State Auditor Dave Yost issued a subpoena for the financial records of JobsOhio yesterday after Gov. John Kasich’s privatized economic-development agency failed to turn them over.
“They are not cooperating with our attempts to audit them,” Yost told The Dispatch, asserting his legal authority to review the finances of the private entity that spearheads Kasich’s efforts to attract jobs to the state.
The subpoena gives JobsOhio until Wednesday to turn over all financial records through the fiscal year ending June 30, 2012.
The General Assembly created JobsOhio early in 2011 through the enactment of House Bill 1 shortly after Kasich became governor.

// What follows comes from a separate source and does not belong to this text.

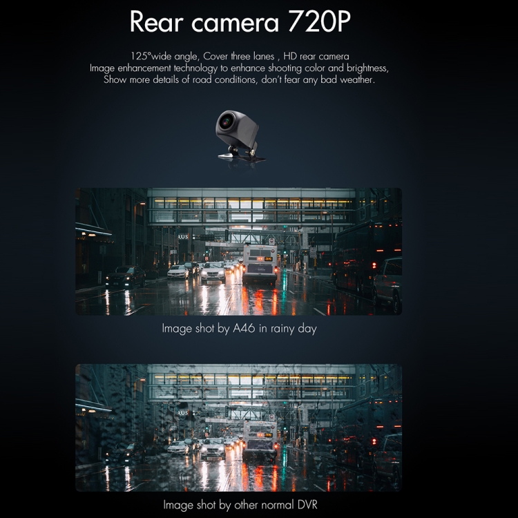 5. Functions: gravity sensing, loop recording, motion detection, parking monitoring, H.264 compressed files, 40-degree rotation of the lens

News of the subpoena came amid new questions about just how much taxpayer money has been poured into JobsOhio and how it got there apparently without state lawmakers knowing about it.
Yost said he issued the subpoena after several months of negotiations between his office and Jobs-Ohio chief financial officer Kevin Giangola, and only after “it became clear over the last three days or so that we weren’t going to hear back from JobsOhio.”
Yost added, “I was told that the CFO said it wasn’t going to be his decision.”
The auditor was unsure if the decision not to cooperate was made by the governor’s office, but he said he had heard “third-hand through the legislative process” that the Kasich administration might attempt to insert an amendment into the state transportation budget bill to clarify his authority to audit JobsOhio.
Additional Coverage
- JobsOhio used millions in extra public funds (The Columbus Dispatch)
- Kasich on JobsOhio’s financial records: ‘It’s complicated’ (The Columbus Dispatch)
- Gov. John Kasich calls dispute with Auditor Dave Yost over JobsOhio a misunderstanding (The Plain Dealer)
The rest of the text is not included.